== Your objective ==
Write out exactly the lines below starting at the one containing "Halloween Dark Matte" and ending at the one containing "Aunque el núcleo". Omit every picture.

== Source material ==
□ □ □ □ □

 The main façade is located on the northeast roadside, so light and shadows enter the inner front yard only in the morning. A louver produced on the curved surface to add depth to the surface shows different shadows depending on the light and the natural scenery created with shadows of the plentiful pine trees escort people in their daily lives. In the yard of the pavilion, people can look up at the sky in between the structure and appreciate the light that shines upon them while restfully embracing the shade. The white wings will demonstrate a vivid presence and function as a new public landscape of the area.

□ □ □ □ □

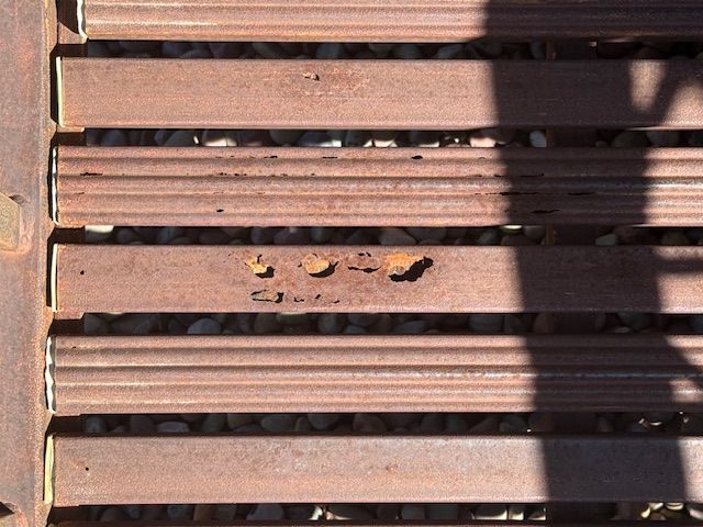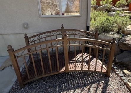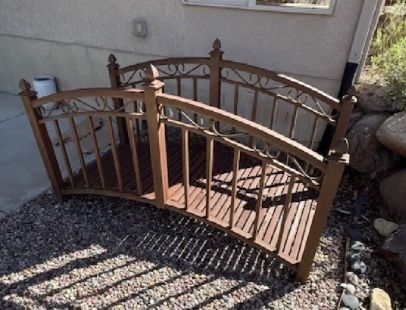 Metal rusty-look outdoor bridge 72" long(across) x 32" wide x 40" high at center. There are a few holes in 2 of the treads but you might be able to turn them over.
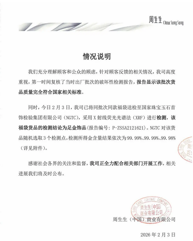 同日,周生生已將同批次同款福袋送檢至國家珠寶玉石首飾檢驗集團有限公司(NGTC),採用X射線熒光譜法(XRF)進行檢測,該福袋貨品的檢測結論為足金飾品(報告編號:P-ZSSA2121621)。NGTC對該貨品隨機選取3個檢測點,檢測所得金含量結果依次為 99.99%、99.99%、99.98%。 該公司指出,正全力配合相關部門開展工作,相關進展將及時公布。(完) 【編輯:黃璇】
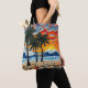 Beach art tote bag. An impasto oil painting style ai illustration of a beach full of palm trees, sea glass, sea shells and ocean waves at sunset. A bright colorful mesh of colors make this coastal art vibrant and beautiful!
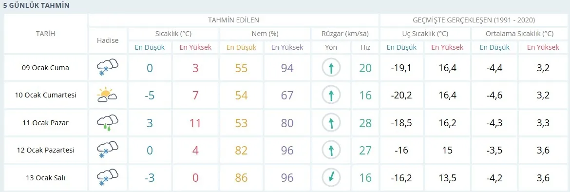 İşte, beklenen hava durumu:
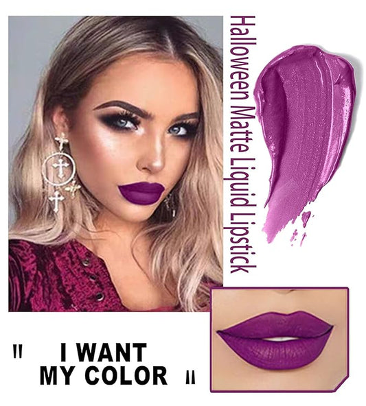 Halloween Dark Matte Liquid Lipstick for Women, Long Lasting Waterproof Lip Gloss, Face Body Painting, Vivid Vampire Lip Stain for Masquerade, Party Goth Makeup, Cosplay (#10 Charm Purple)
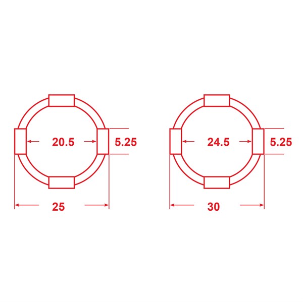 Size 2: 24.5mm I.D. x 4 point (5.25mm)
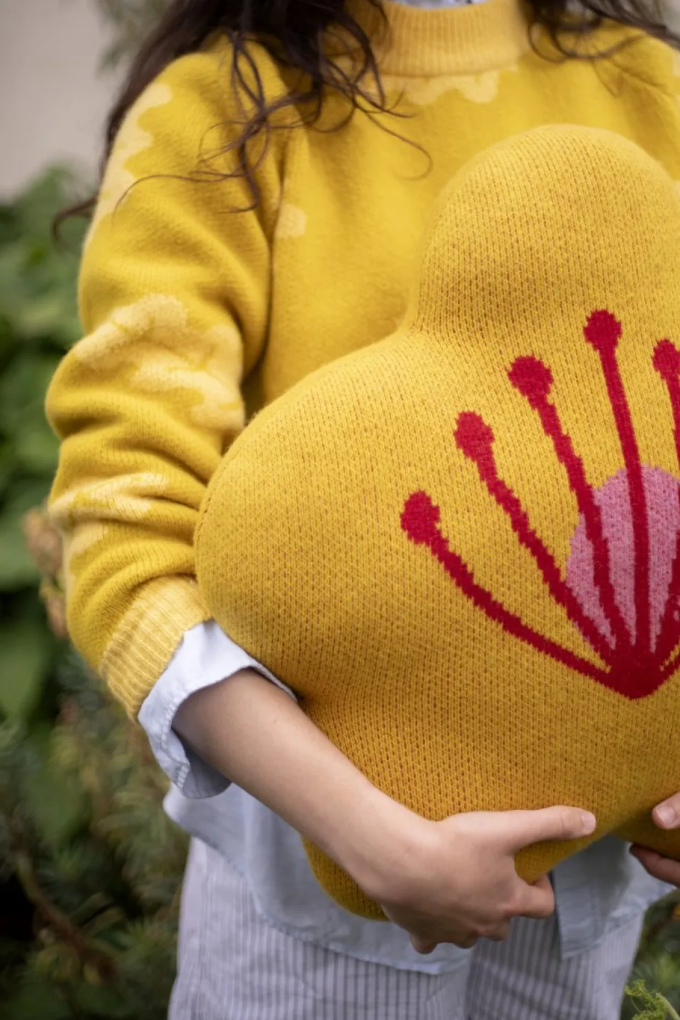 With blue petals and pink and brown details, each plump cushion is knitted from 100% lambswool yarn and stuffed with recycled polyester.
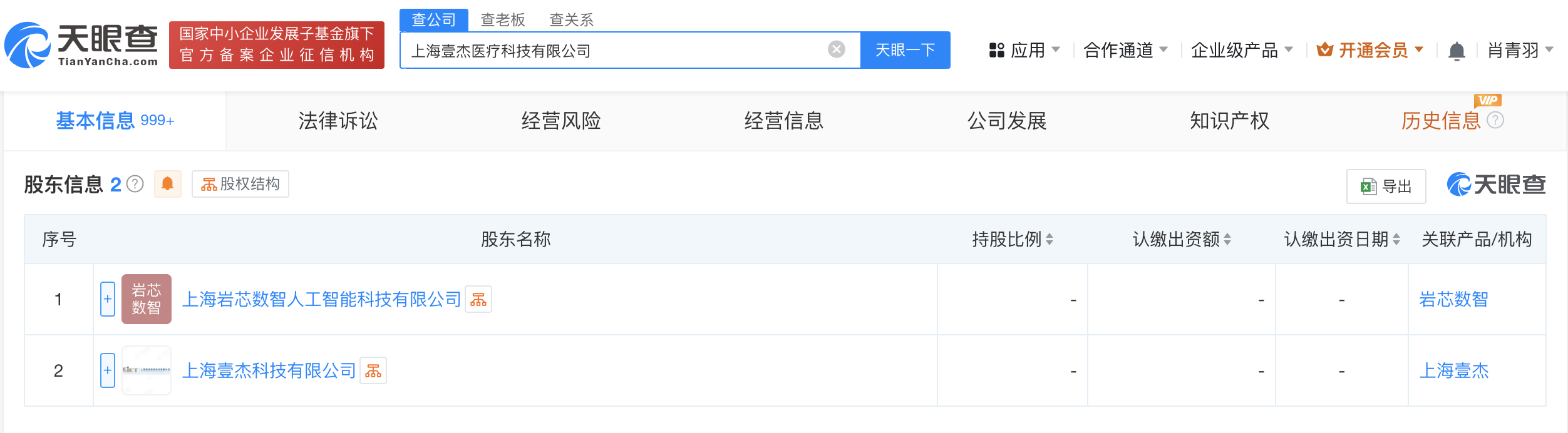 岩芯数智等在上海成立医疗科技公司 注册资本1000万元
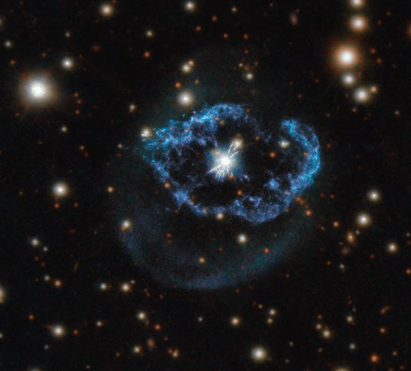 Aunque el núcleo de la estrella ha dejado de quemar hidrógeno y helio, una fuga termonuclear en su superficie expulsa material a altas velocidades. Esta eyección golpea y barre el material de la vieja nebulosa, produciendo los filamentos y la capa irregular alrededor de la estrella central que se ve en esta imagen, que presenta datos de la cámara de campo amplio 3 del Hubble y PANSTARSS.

□ □ □ □ □

== The completed task ==
 Halloween Dark Matte Liquid Lipstick for Women, Long Lasting Waterproof Lip Gloss, Face Body Painting, Vivid Vampire Lip Stain for Masquerade, Party Goth Makeup, Cosplay (#10 Charm Purple)
 Size 2: 24.5mm I.D. x 4 point (5.25mm)
 With blue petals and pink and brown details, each plump cushion is knitted from 100% lambswool yarn and stuffed with recycled polyester.
 岩芯数智等在上海成立医疗科技公司 注册资本1000万元
 Aunque el núcleo de la estrella ha dejado de quemar hidrógeno y helio, una fuga termonuclear en su superficie expulsa material a altas velocidades. Esta eyección golpea y barre el material de la vieja nebulosa, produciendo los filamentos y la capa irregular alrededor de la estrella central que se ve en esta imagen, que presenta datos de la cámara de campo amplio 3 del Hubble y PANSTARSS.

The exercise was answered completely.